The Subjectivity of Value
Perhaps the greatest lesson from the absurd economics of contemporary art is that value is inherently subjective. What one person sees as a ridiculous indulgence, another views it as a meaningful investment. Nowhere is this more evident than in the rise of NFTs (non-fungible tokens) and the frenzy around digital collectables like CryptoPunks.
CryptoPunks, a series of 10,000 unique 8-bit digital avatars, represent the epitome of value created from seemingly nothing. These pixelated faces, featuring rudimentary designs reminiscent of 1980s computer graphics, have sold for jaw-dropping sums. For example, a single CryptoPunk recently sold for 140 Ethereum, equivalent to roughly USD 230,000 at current market rates. Unlike a physical painting or sculpture, there is no tangible object to display or enjoy—only a blockchain entry confirming ownership of a digital file anyone can screenshot. So why do people buy them?

The CryptoPunks NFT collection.
The logic parallels much of what drives the high-end art market. For some buyers, CryptoPunks and similar NFTs represent speculative investments. Their value lies in scarcity—there are only 10,000, and each is unique—combined with a belief in the long-term viability of the blockchain ecosystem. Others view these purchases as status signalling in digital spaces, much like a Veblen good in the physical world.
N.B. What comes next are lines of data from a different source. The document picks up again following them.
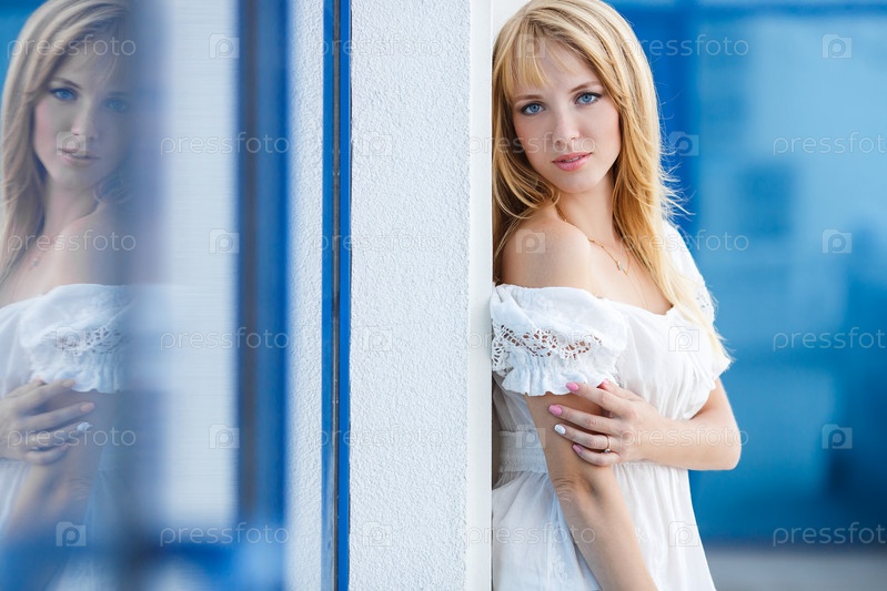 Красивая блондинка в белом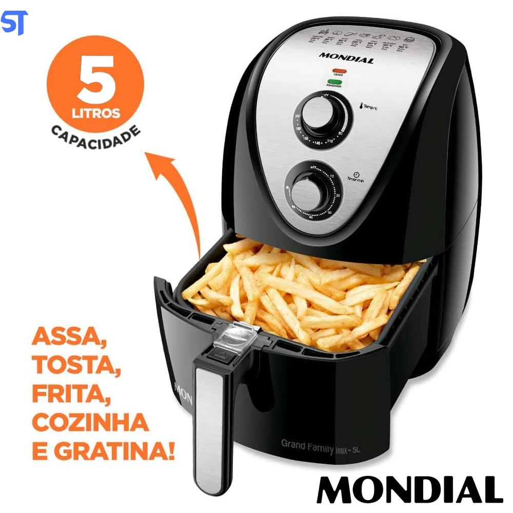 "A Air Fryer Mondial pode levar praticidade e alimentação saudável para a sua rotina diária. E, com o cesto com capacidade de 5 litros, você pode compartilhar esses benefícios com toda a sua família! A Tecnologia de Circulação de Ar Quente cozinha, frita (a ar), assa ou tosta os alimentos sem precisar adicionar óleo ou manteiga. Aliada à alta potência, a tecnologia da Fritadeira a Ar também possibilita rapidez nos preparos. Saiba mais sobre a AFN-50-BI: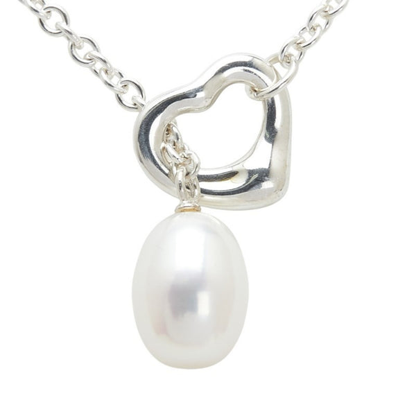 Tiffany & Co. Elsa Peretti Open Heart Lariat Pearl Necklace in 925 Sterling Silver for Women.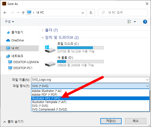 5)파일 형식에서 .EPS(illustrator EPS)를 선택하고 저장한다.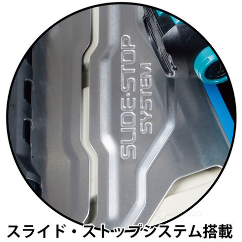 - スライド・ストップシステムを採用しました。通常はスベリ止ゴムが浮いている為、スムーズにスライドできます。取手を押さえると、スベリ止ゴム部分が下がって材料に密着し、ガッチリ固定できます。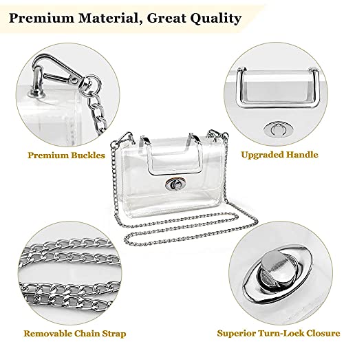 Fabric type: 100% MatteOrigin: ImportedClosure type: Flap🌻 STADIUM APPROVED - COROMAY clear purse is 7.1x4.5x3.1 inch, completely meets stadiums/venues tournament bag policy, helping you gain access all kinds of stadiums easier and faster🌻 1mm THICK PVC, MORE DURABLE - This clear crossbody bag is made of 1mm thick PVC, which is more durable than those bags made of 0.4mm material in the market, it's thick enough to hold its shape🌻 CUTE & trendy - Made of premium materials with silver-tone metal and removable silver chain strap (23 inches long), can be a handbag, tote bag, shoulder bag or crossbody bag🌻 FITS MANY OCCASIONS & AWSOME GIFT - This cute clear purse is big enough to carry your cellphone with portable charger, small wallet, keys, sunglasses, lipstick, mirror, suntan lotion and more; suitable for stadium, concerts, venues, theater, football games, golf tournament, any sporting event, party and so on; make it an awesome gift for your family and friends💯 OUR UNIQUE GUARANTEE - Our clear purse for women come with 100% Satisfaction Guarantee, we also provide world class customer service within 24 hours. Rest assured that we are always ready to help you out, no matter what. 🙂 Perfect for everyday use. premium materials and excellent craftsmanship ensure long-lasting durability.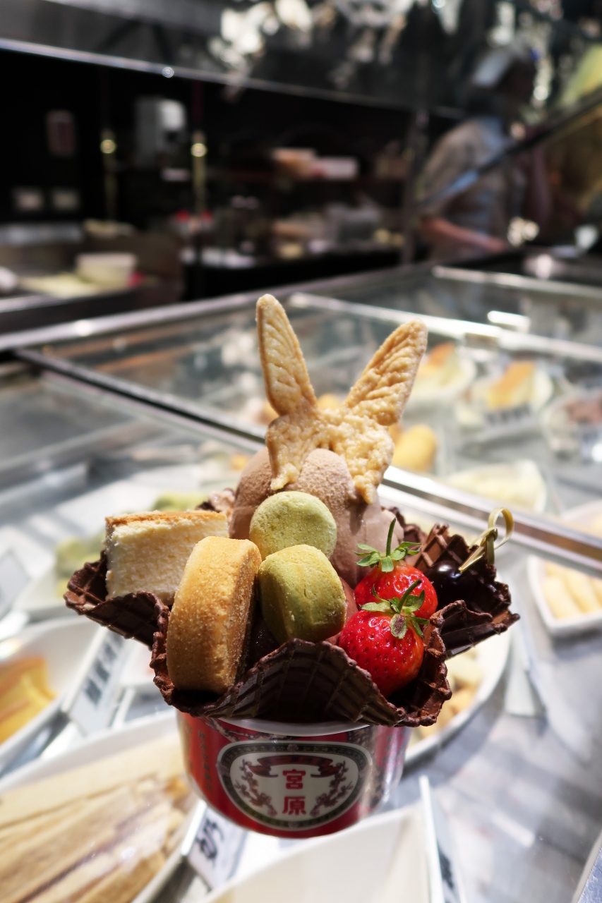 フルーツや台湾茶、チョコなど、選びきれない程の数十種類の中からアイスを選んで(たくさんありすぎるので、ネットで予習しておいた方がいいかも)、さらにパイナップルケーキやチーズケーキ、クッキなどをトッピングしてくれます。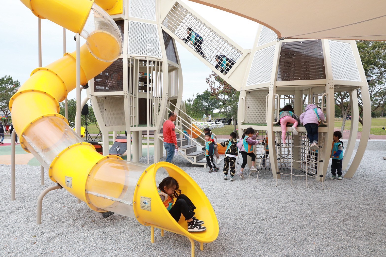 此外,市府也考量氣候變遷影響,推動「台中美樂地計畫3.0」,依照日照角度精心規劃遮陽設施,讓遊戲場在不同時段都能提供舒適環境,讓家長與孩童都能安心、愉快地享受公園時光。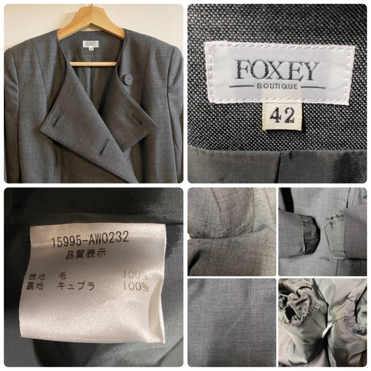 カラーはグレー系、素材は表/100%、裏/キュプラ100%になります。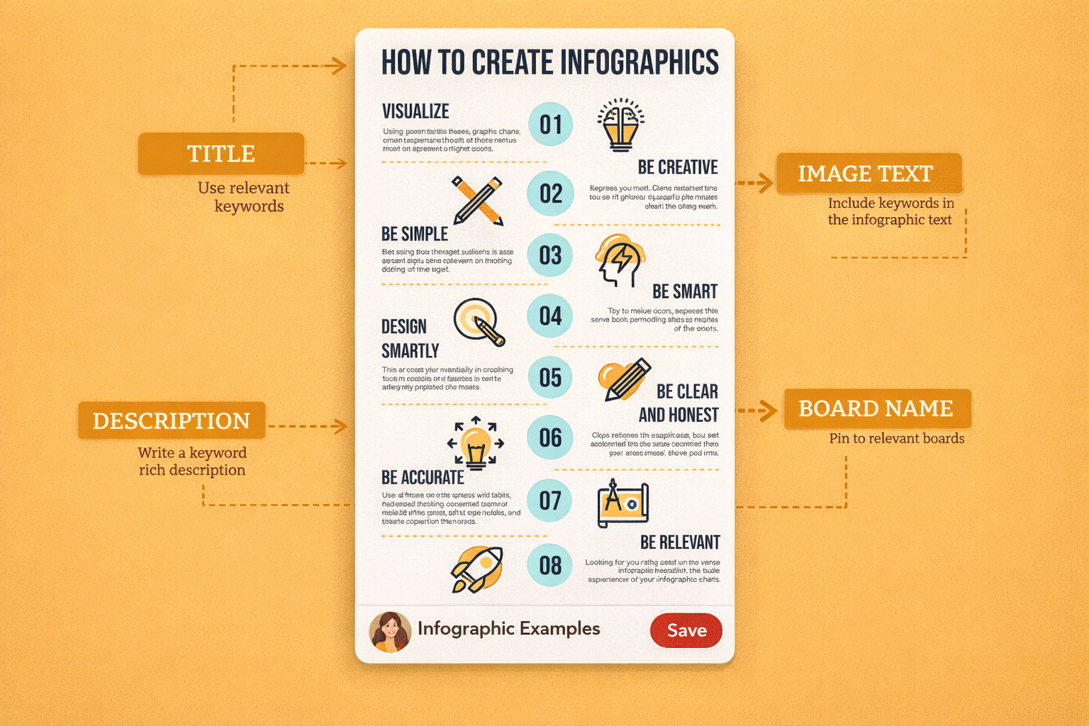 Pinterest relies heavily on keywords to understand, categorize, and recommend content. Because the platform works much like a visual search engine, the way you optimize your pins plays a major role in how easily they can be discovered. When creating Infographics on Pinterest, it’s important to structure both the visual content and the pin information so that Pinterest clearly understands what the infographic is about.

Owning a CryptoPunk is akin to possessing a rare and exclusive badge instantly recognisable to the cryptocurrency community as a symbol of early adoption and significant wealth.
Yet the phenomenon also underscores the role of narrative in ascribing value. Just as the duct-taped banana gained significance through Maurizio Cattelan’s reputation and the absurdity of its concept, CryptoPunks are imbued with cultural cachet through their origin story as one of the first major NFT projects. Buyers aren’t just purchasing pixels—they’re buying into the mythology of NFTs as the future of art and ownership, even if the artistic merit of an 8-bit avatar is negligible at best.
Ultimately, whether in the physical or digital realm, the art market operates in a space where material worth is secondary to perception, context, and storytelling. A banana on a wall becomes a $5 million statement not because of the fruit itself, and a CryptoPunk sells for hundreds of thousands of dollars not because of its artistic value but because of the narrative surrounding it. In these cases, value is less about what you own and more about what it represents—exclusivity, foresight, or simply the willingness to pay an absurd price for something others consider worthless.
The Enduring Allure of the Absurd
In the end, the absurd economics of contemporary art reveal as much about society as it does about the art world. The willingness to pay astronomical sums for objects of questionable intrinsic value speaks to humanity’s deep desire for meaning, status, and connection. Whether these purchases are seen as symbols of excess or expressions of individuality, they underscore art’s enduring power to provoke, inspire, and challenge.
For all its eccentricities, the art market continues to thrive precisely because it defies logic. It is a space where a duct-taped banana can command millions and a French videographer can transform into an art-world darling. To dismiss this as mere folly is to miss the point. In contemporary art, absurdity is not a bug but a feature.